Отметим, что Масленица - единственный дохристианский праздник, не связанный с христианским календарем и не получивший нового истолкования. И именно на Масленицу, целиком и полностью связанную с заупокойным культом предков, совершались такие ритуальные катания на донцах. Определенные аналогии этому обычаю катания на прялках в масленичную неделю, обеспечивающую плодородие начинающегося нового земледельческого года, есть в верованиях жителей Гиндукуша (Афганистан) - нуристанцев, потомков одной из первых волн индоевропейцев, дошедших в глубокой древности (III -II тыс. до н.э.) до гор Афганистана и сохранивших в своих неприступных горных долинах обряды, ритуалы, верования далеких восточноевропейских предков. Так у жителей Гиндукуша существовали представления о женщинах-руи (оборотнях), которые летали по ночам над горами и долинами, увеличивая их плодородие, а конем им служили сундук или прялка [Йеттмар К. Религии Гиндукуша. - М.: Наука, 1981. С. 116].
О связи прялки и миром умерших свидетельствует очень интересный обычай, бытовавший в Горном Таджикистане, т.е. также у потомков древних индоевропейцев - восточных иранцев. Так если человек уходил из дома и пропадал без вести, то совершали обряд «саргардон». «Ночью, в последнюю среду месяца Сафар, когда устраивали прыганье через костры, три-четыре женщины запирались в доме, стараясь сделать это так, чтобы об этом никто не узнал. Делали куклу-мужчину - «мортияк». Эту куклу делали очень тщательно. Куклу клали в мешочек и вешали на колышек, вбитый в стену. Затем сажали перед прялкой девочку, не достигшую половой зрелости, и она должна была крутить прялку в обратную сторону до утренней зари, повторяя все время: «Пусть забеспокоится и скорей придет...» Считалось, что после этого пропавший человек должен был через некоторое время вернуться». Если обряд совершал мулла, то он писал заклинание и вешал его на дереве, а затем, «крутя прялку в обратную сторону, читал молитву» [Литвинский Б. А. Семантика верований и обрядов памирцев // Средняя Азия и ее соседи в древности и средневековье. - М.: Наука. 1981. С. 116] (курсив мой. - С. Ж.). Если через неделю человек не приходил, то его считали мертвым.

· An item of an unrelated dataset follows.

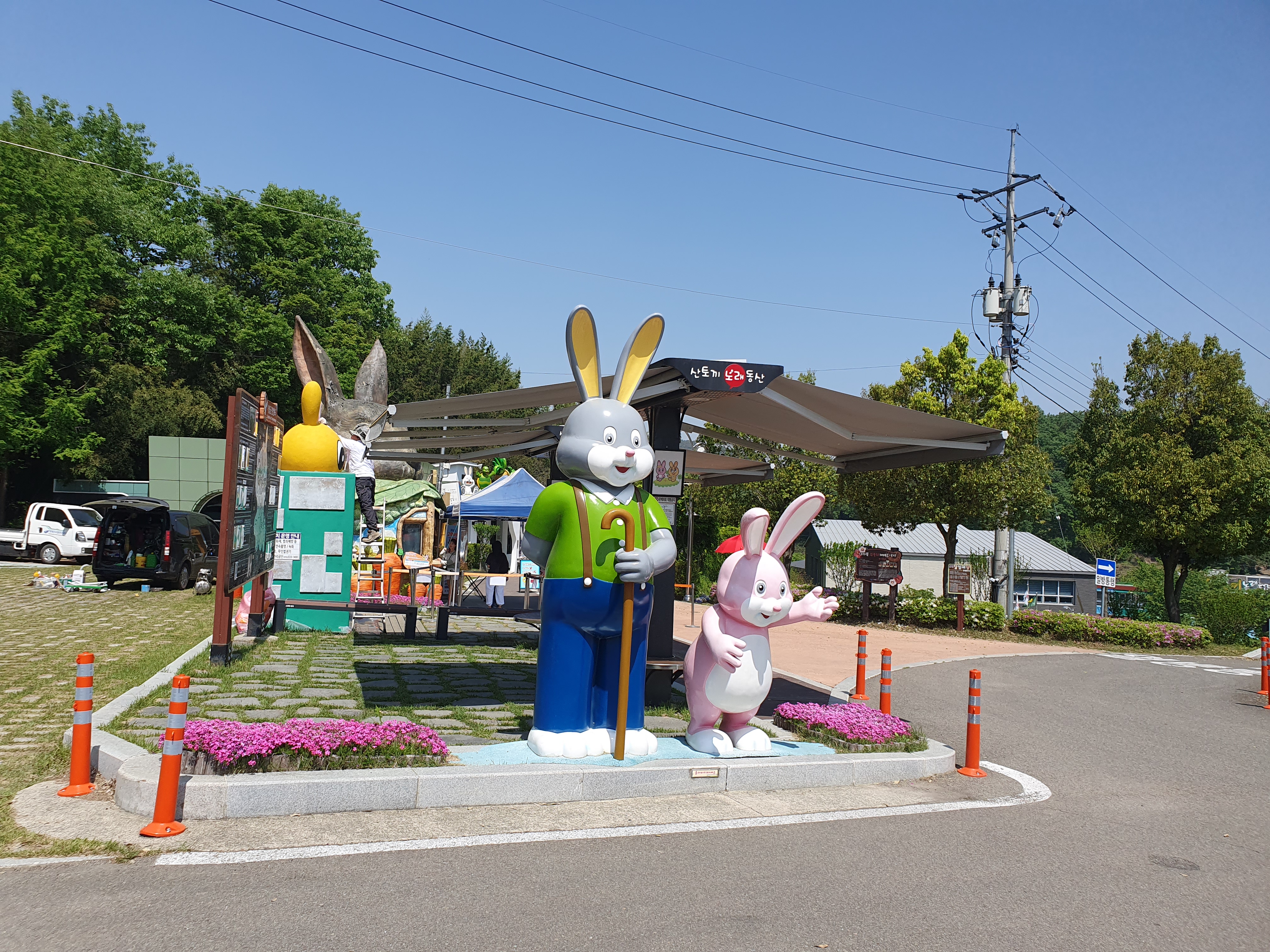 주차장 입구에서부터 토끼 인형이 반기고 있습니다. 들어가는 입구는 좁은데 막상 주차장으로 가면 넓은 공간이 있어 주차하는데는 어려움이 없습니다.

В Вологодской губернии был достаточно широко распространен обычай, когда на Святки парни отнимали у девушек прялки и уносили их на могилы, на кладбище. А. В. Кулевым в с. Воскресенском, Череповецкого р-на Вологодской обл., в конце 80-х годов был записан следующий рассказ о том, как совершался этот обряд еще в начале нашего века: «Ой, было тоже, кудесили... Ребята возьмут, у девок прялки оберут... А вот у нас здесь кладбище было, вот на горе-то на этой. У ково-нибудь уж там могила выкопана ли, чево ли, - покойника надо хоронить. Придут, да в эту могилу-то прялки и складут. Надо девчонкам сойти, а боятцы идти-то» [Экспедиционный фонд ЦНТК (01-06.40) с. Воскресенское (Приношу благодарность А. В. Кулеву за возможность использовать его экспедиционные материалы)]. Интересно и то, что первый вечер зимних святок, связанных, как и Масленица, с миром умерших (со «святьем»), называется «копыльным вечером», т.е. прялочным. Таким образом, прялка символизировала собой начало святок, во время которых категорически запрещалось прясть, ткать и вообще что-либо свивать.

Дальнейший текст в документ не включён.